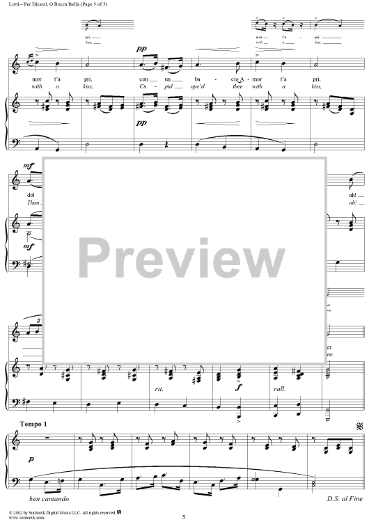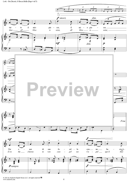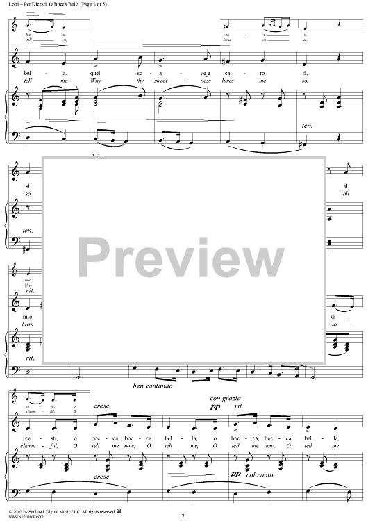 "Pur Dicesti, O Bocca Bella" Sheet Music by Antonio Lotti
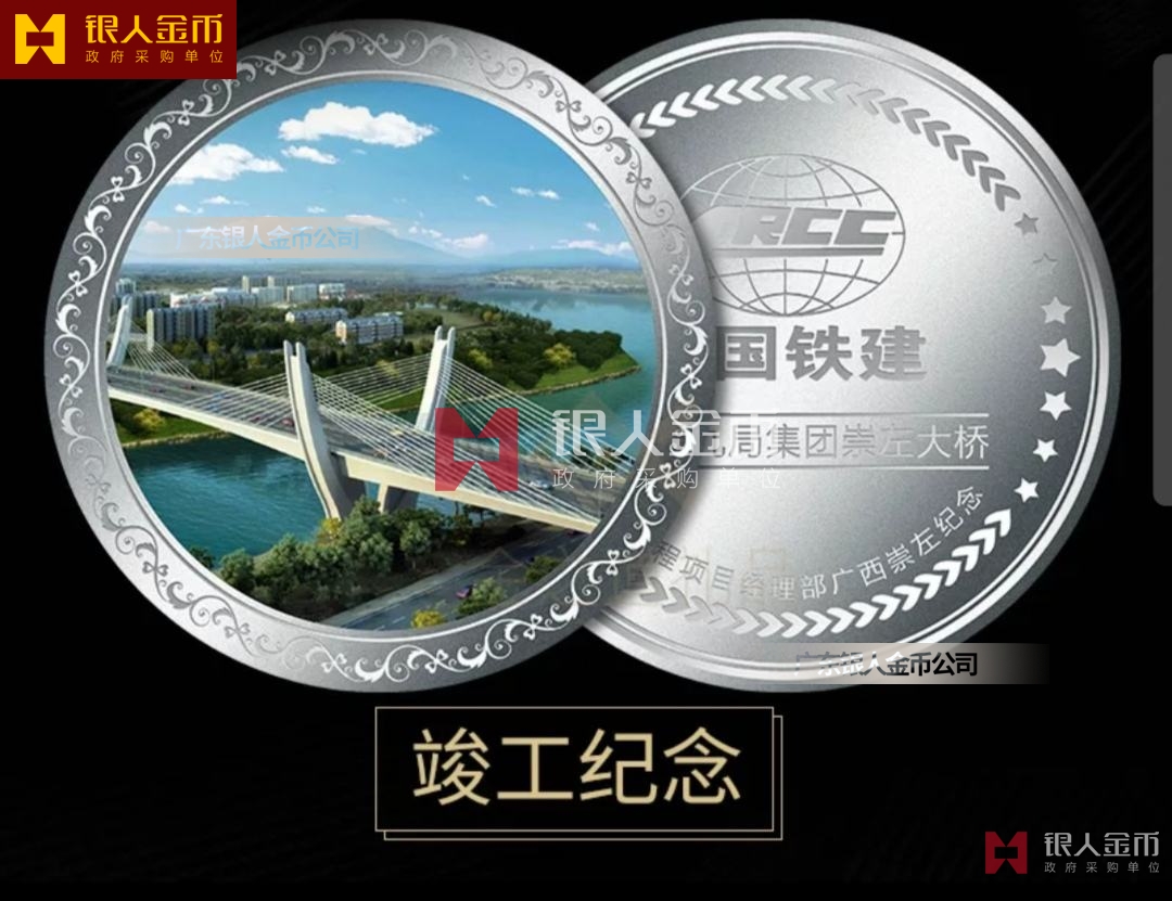 中國鐵建九局廣西崇左大橋項(xiàng)目紀(jì)念章定制和工程施工竣工地鐵通車紀(jì)念章(圖)
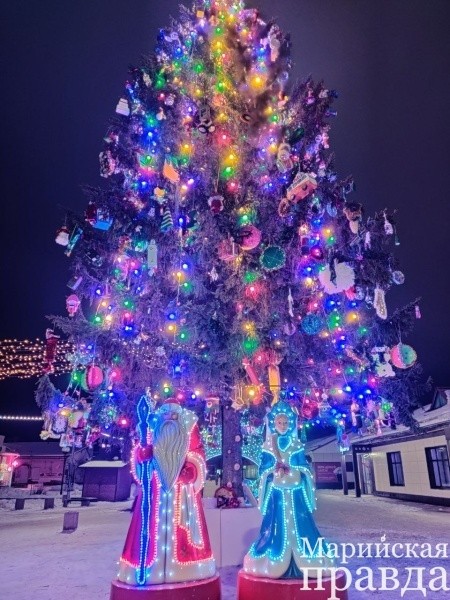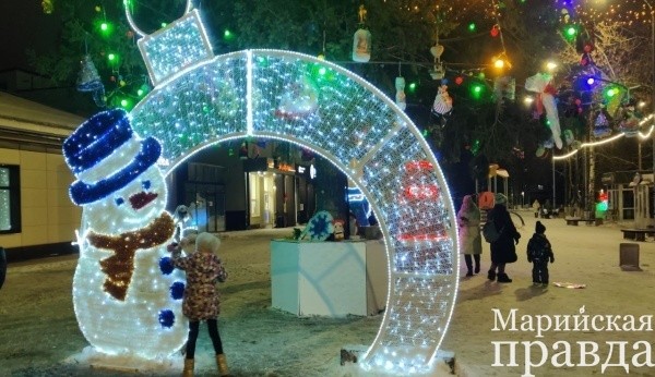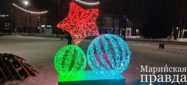 В преддверии праздника яркими огнями засверкал административный центр Медведевского района Марий Эл.
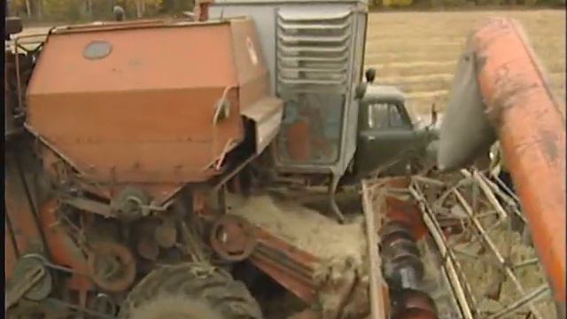 Свердловская область, уборка овса на комбайнах "Енисей-1200" и советской классике "Нива СК-5". Видны самые массовые грузовики СССР - ГАЗ-53. За давностью лет не помню название местности, где велась съёмка. Дата съёмки - сентябрь 2002 года, фрагменты исходного материала.
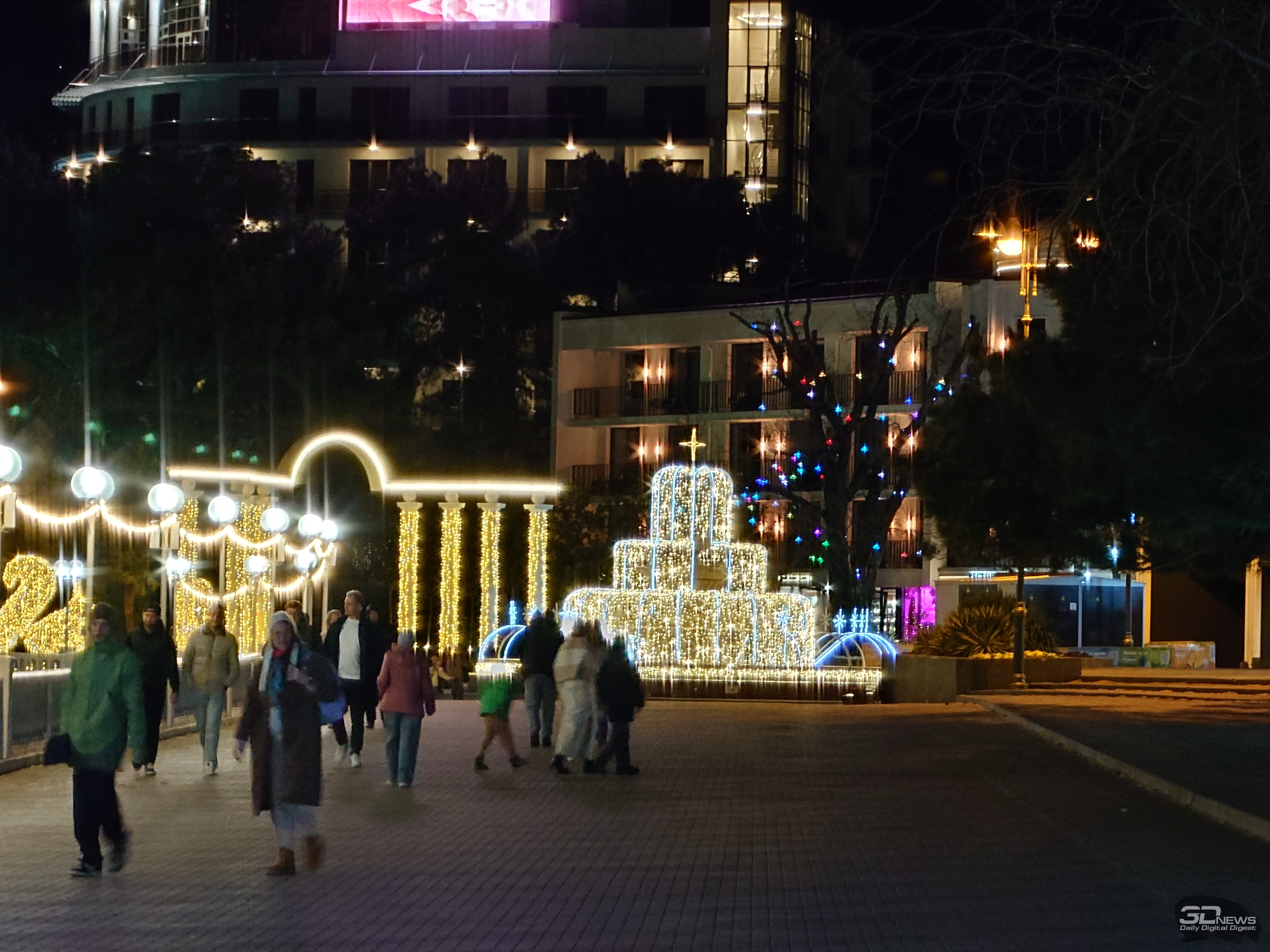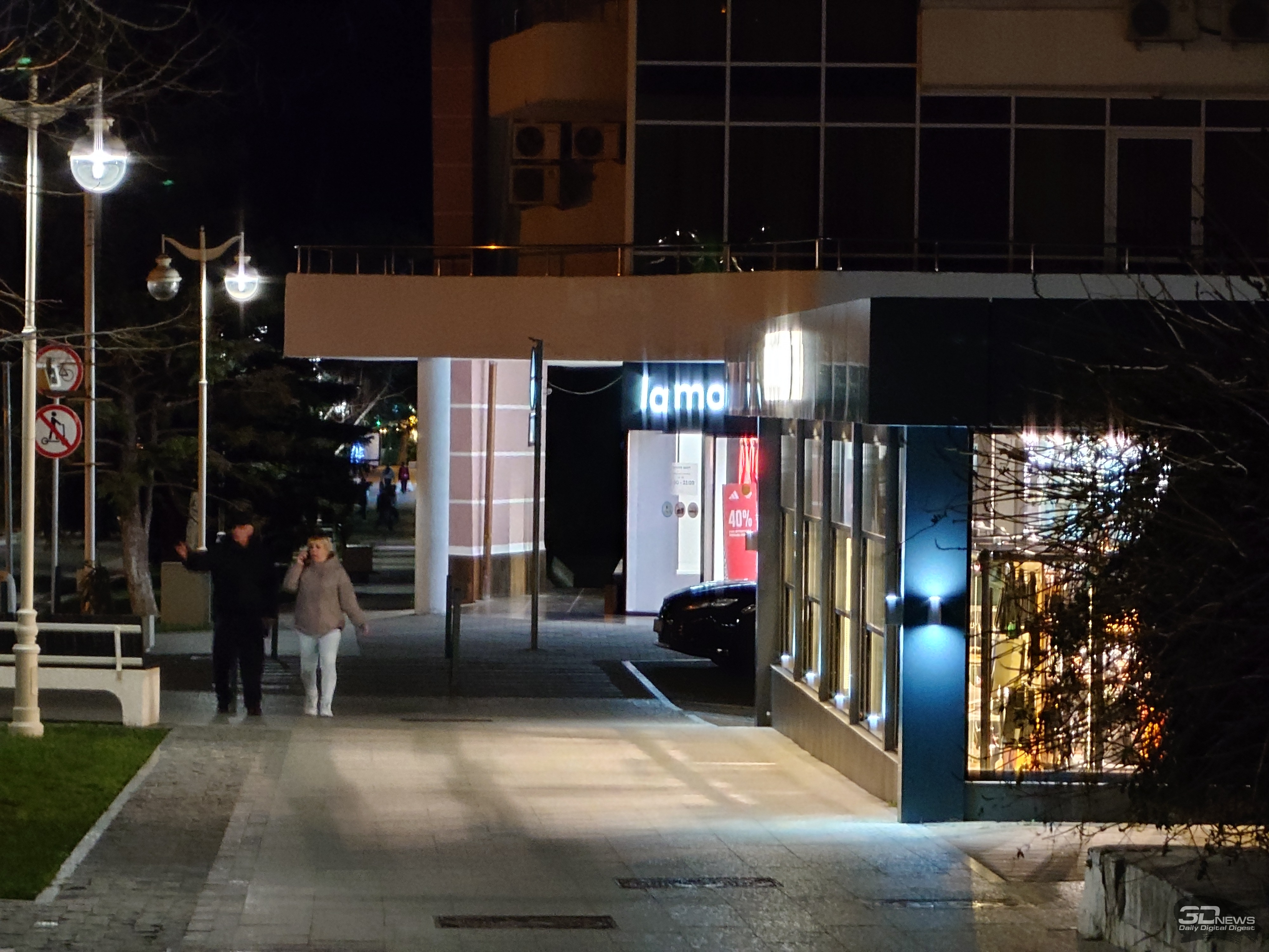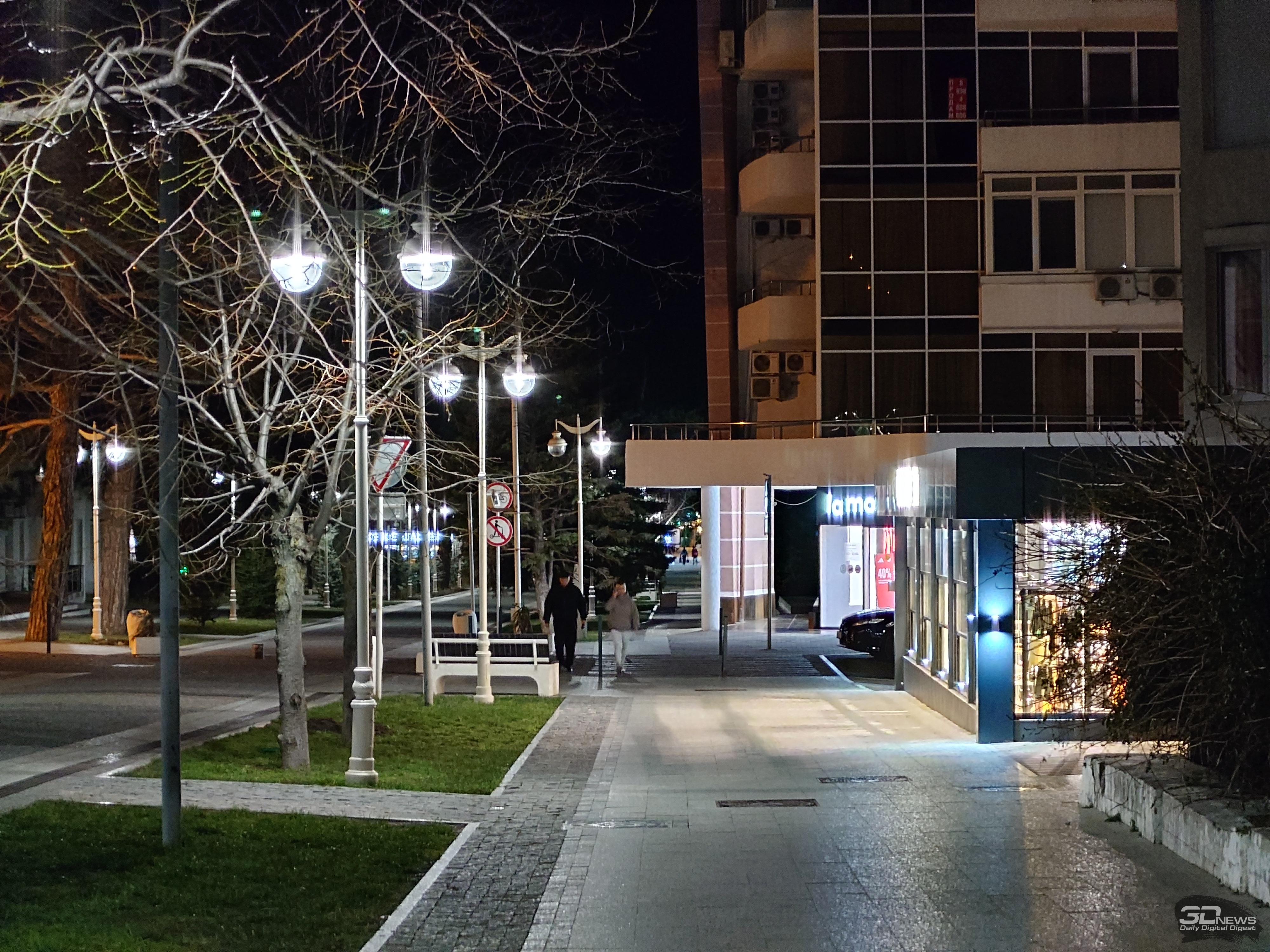В базовом меню съемки мы видим пять доступных фокусных расстояний — помимо уже упомянутых опций также есть двукратный «гибридный» зум за счет кропа с 48-мегапиксельной картинки, сделанной на главную камеру. Качество съемки на главную камеру днем — высокое: отмечаем хорошую детализацию без выраженного «перешарпа» (хотя слегка жирные контуры присутствуют, без этого вообще редко обходится) и достойный динамический диапазон. В прошлом поколении обработка снимков была приближена к той, что мы привыкли на камерах — то есть приходилось очень сильно следить за экспозицией самостоятельно и, чтобы добиться нужного баланса светов и теней, обрабатывать затем фото в редакторе. Здесь при съемке в базовом режиме все более привычно для смартфона — HDR задействуется по умолчанию, баланс между светлыми и темными областями ровный, недосвеченные или пересвеченные снимки днем получаются редко. А вот ночью камера не блещет — довольно слабо работает с источниками освещения (есть и блики, и засветы), не хватает детализации, которая как раз «вытягивается» за счет повышения контурной резкости. Но это в условиях совсем слабой освещенности. Ночной город на главную камеру Xperia 1 VII можно снимать без проблем. Двукратный «гибридный» зум (кроп от 48-мегапиксельной картинки с последующей обработкой) реализован вполне приемлемо – есть легкая замыленность, но в целом режим рабочий днем и в вечерних/ночных условиях при хорошем внешнем освещении. Глубокой ночью же и резкость падает, и серьезные шумы при этом есть.

*-*-*

Repeat the data word for word, minus any pictures.

YOUR RESPONSE
 "Pur Dicesti, O Bocca Bella" Sheet Music by Antonio Lotti
 中國鐵建九局廣西崇左大橋項(xiàng)目紀(jì)念章定制和工程施工竣工地鐵通車紀(jì)念章(圖)
 В преддверии праздника яркими огнями засверкал административный центр Медведевского района Марий Эл.
 Свердловская область, уборка овса на комбайнах "Енисей-1200" и советской классике "Нива СК-5". Видны самые массовые грузовики СССР - ГАЗ-53. За давностью лет не помню название местности, где велась съёмка. Дата съёмки - сентябрь 2002 года, фрагменты исходного материала.
В базовом меню съемки мы видим пять доступных фокусных расстояний — помимо уже упомянутых опций также есть двукратный «гибридный» зум за счет кропа с 48-мегапиксельной картинки, сделанной на главную камеру. Качество съемки на главную камеру днем — высокое: отмечаем хорошую детализацию без выраженного «перешарпа» (хотя слегка жирные контуры присутствуют, без этого вообще редко обходится) и достойный динамический диапазон. В прошлом поколении обработка снимков была приближена к той, что мы привыкли на камерах — то есть приходилось очень сильно следить за экспозицией самостоятельно и, чтобы добиться нужного баланса светов и теней, обрабатывать затем фото в редакторе. Здесь при съемке в базовом режиме все более привычно для смартфона — HDR задействуется по умолчанию, баланс между светлыми и темными областями ровный, недосвеченные или пересвеченные снимки днем получаются редко. А вот ночью камера не блещет — довольно слабо работает с источниками освещения (есть и блики, и засветы), не хватает детализации, которая как раз «вытягивается» за счет повышения контурной резкости. Но это в условиях совсем слабой освещенности. Ночной город на главную камеру Xperia 1 VII можно снимать без проблем. Двукратный «гибридный» зум (кроп от 48-мегапиксельной картинки с последующей обработкой) реализован вполне приемлемо – есть легкая замыленность, но в целом режим рабочий днем и в вечерних/ночных условиях при хорошем внешнем освещении. Глубокой ночью же и резкость падает, и серьезные шумы при этом есть.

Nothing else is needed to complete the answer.